The goal is conservative: the pipeline would rather exclude a channel it doesn’t recognize than include one that might contaminate the analysis. Every inclusion and exclusion decision is logged in the stage output.

EEG data arrives in different units depending on the file format and amplifier. The pipeline standardizes everything to microvolts (µV) on load—the conventional unit for scalp EEG. MNE-Python internally represents data in volts (V), so a conversion factor is applied during loading. This is invisible to the clinician but matters for reproducibility: amplitude thresholds in the artifact rejection stage (e.g., 75 µV voltage threshold) assume µV-scaled data.

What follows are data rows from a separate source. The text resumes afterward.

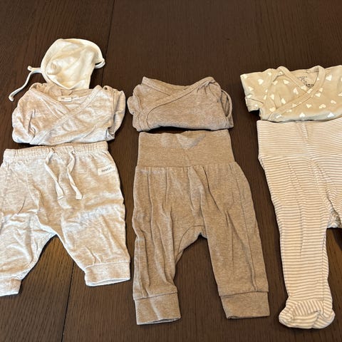 Newbie babyklær i størrelse 56, beige farge. Passer for både gutter og jenter (unisex).
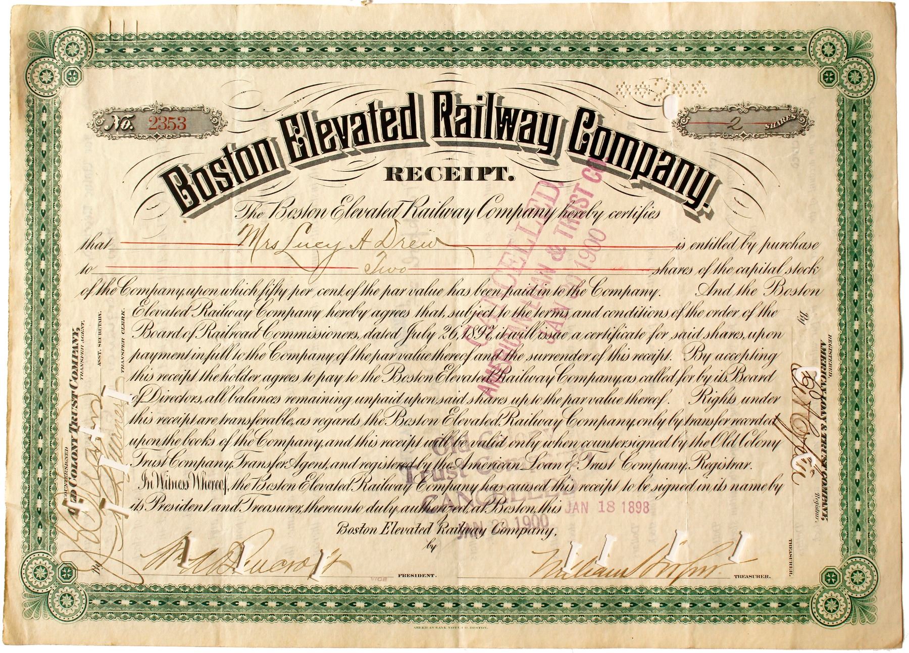 Cancelled on January 29, 1900 receipt number 2353 dated January 18, 1898 for purchase of two share of Boston Elevated Railway Company by Mrs. Lucy A. Drew. Printed by American Bank Note Company. Streetcar and railroad founded in 1894, above and below and on the streets of Boston. Ken Prag Collection.
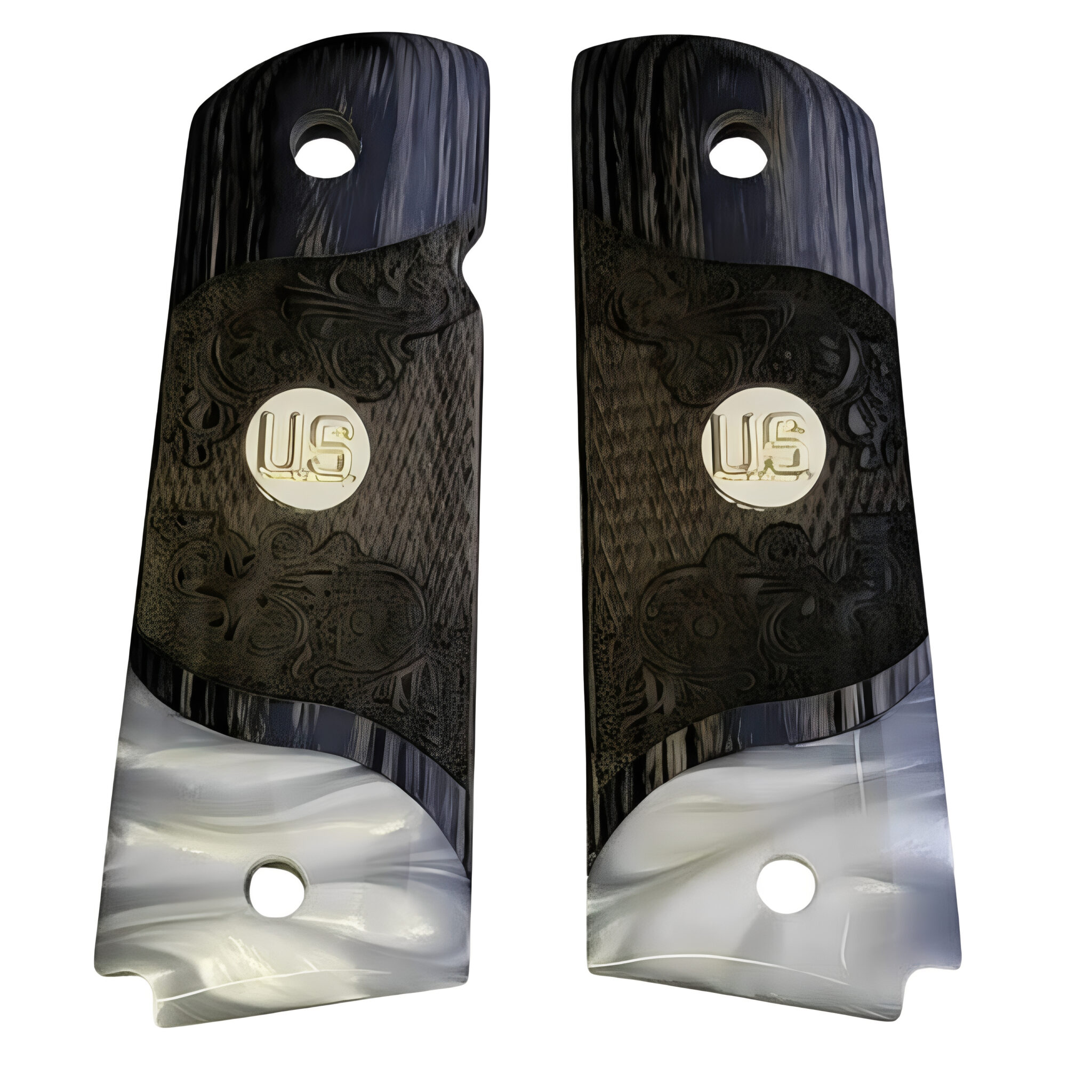 1911 Full Size Carved Black Rosewood Grips w/Acrylic Pearl and Gold U.S. Medallion
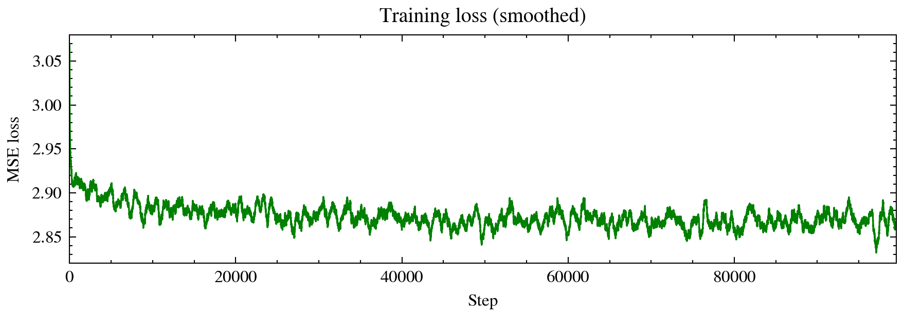 The implementation is minimal: an MLP with sinusoidal time conditioning, trained for 100k steps on an MSE loss. Sampling is a 100-step Euler integration — deterministic, fast, and parallelizable.
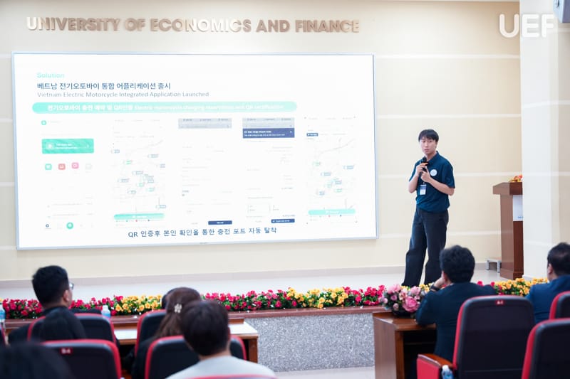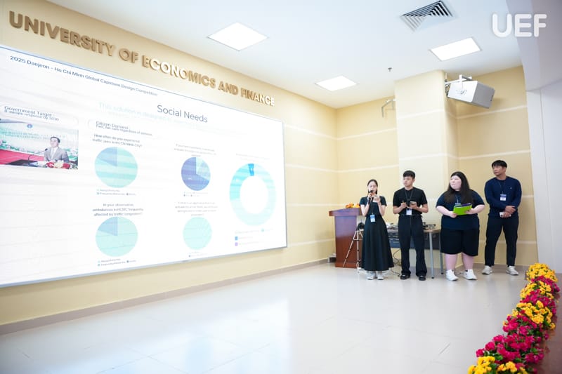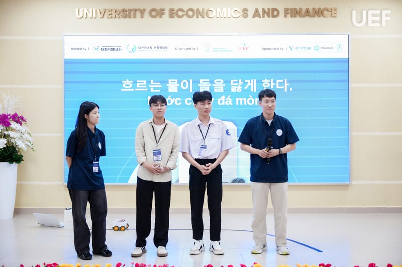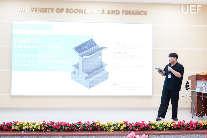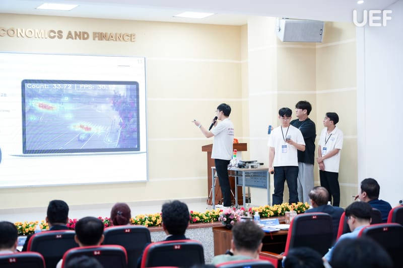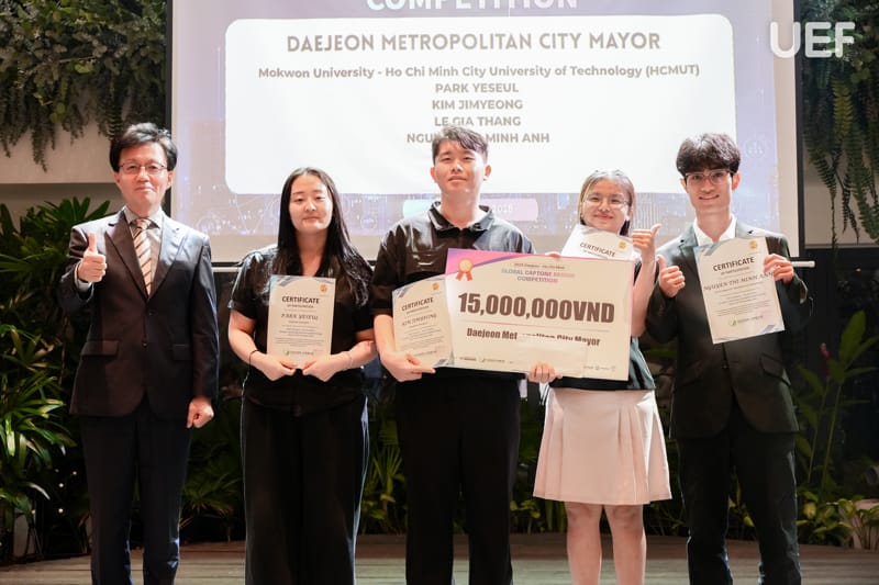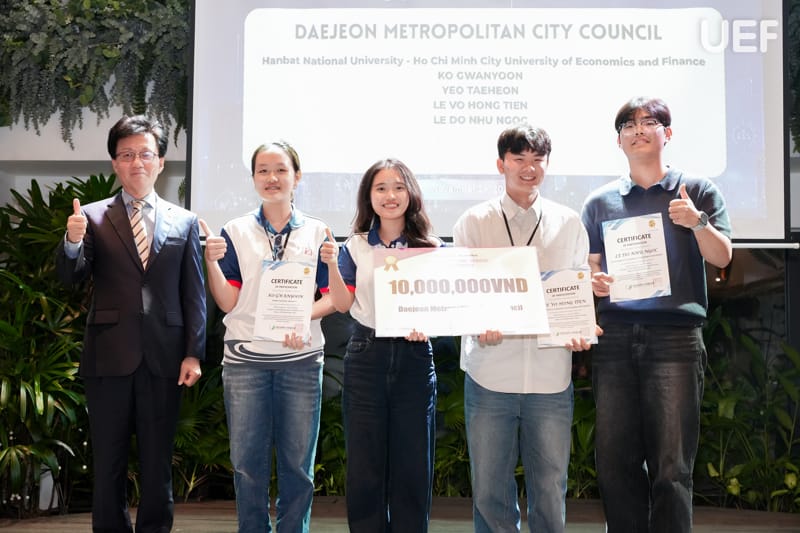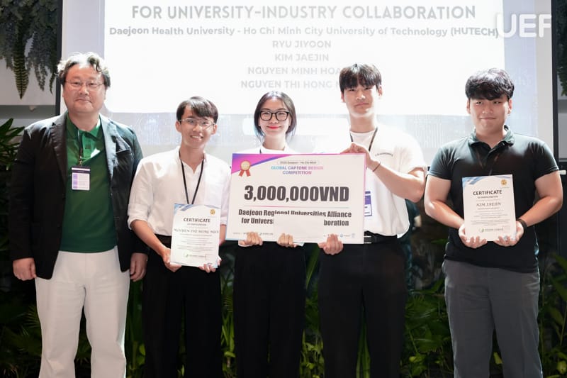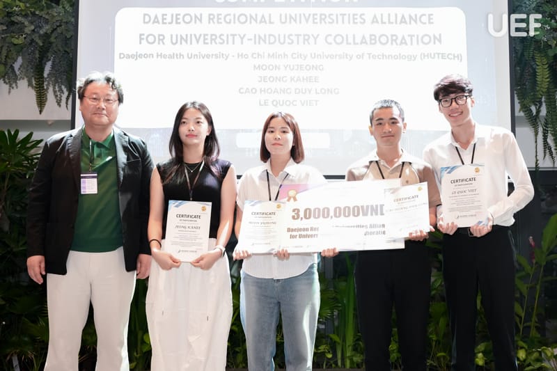 Sân chơi học thuật này do Hội đồng hợp tác Đại học - Công nghiệp khu vực Daejeon (Hàn Quốc) phối hợp cùng UEF tổ chức với chủ đề “Sustainable Urban Living Solutions - Giải pháp cho cuộc sống đô thị bền vững”, nhiều dự án do sinh viên UEF kết hợp với sinh viên Hàn Quốc đã đạt thành tích ấn tượng.
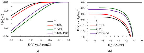 Figure 1a shows the steady-state cathodic polarization curves of the various composite electrodes in methanesulfonic acid (0.1 M CH3SO3H) at a scan rate of 1 mV/s and the corresponding linear polarization curves. The kinetic parameters are as shown in Figure 1b and Table 1. The results show that the C–PdO electrode has a low Eop and the highest exchange current density, with an Io value of 4.2 μA/cm2, and presents the best electrocatalytic properties. The order of the electrocatalytic activity was C–PdO > C–TiO2–PdO > C–TiO2 > C from the exchange current density value. All electrodes exhibit a single-stage Tafel slope (−b) value in the CH3SO3H solution. At the higher Eop values between −300 and −900 mV, the (−b) values of the C, C–TiO2, C–PdO and C–TiO2–PdO electrodes are 120, 169, 79, and 88 mV/dec, respectively. The C–TiO2–PdO electrode has the lowest value. The rds was dominated by the Volmer and Heyrovsky equations [13,35].

When a photoplethysmography (PPG) channel is present in the recording, the pipeline extracts it before the EEG channels are isolated for processing. This PPG signal feeds the HRV analysis stage, which computes time-domain metrics (SDNN, RMSSD), frequency-domain metrics (VLF/LF/HF power), and nonlinear measures (DFA, sample entropy). The HRV analysis runs in parallel with the EEG pipeline—it doesn’t depend on EEG preprocessing and doesn’t affect it.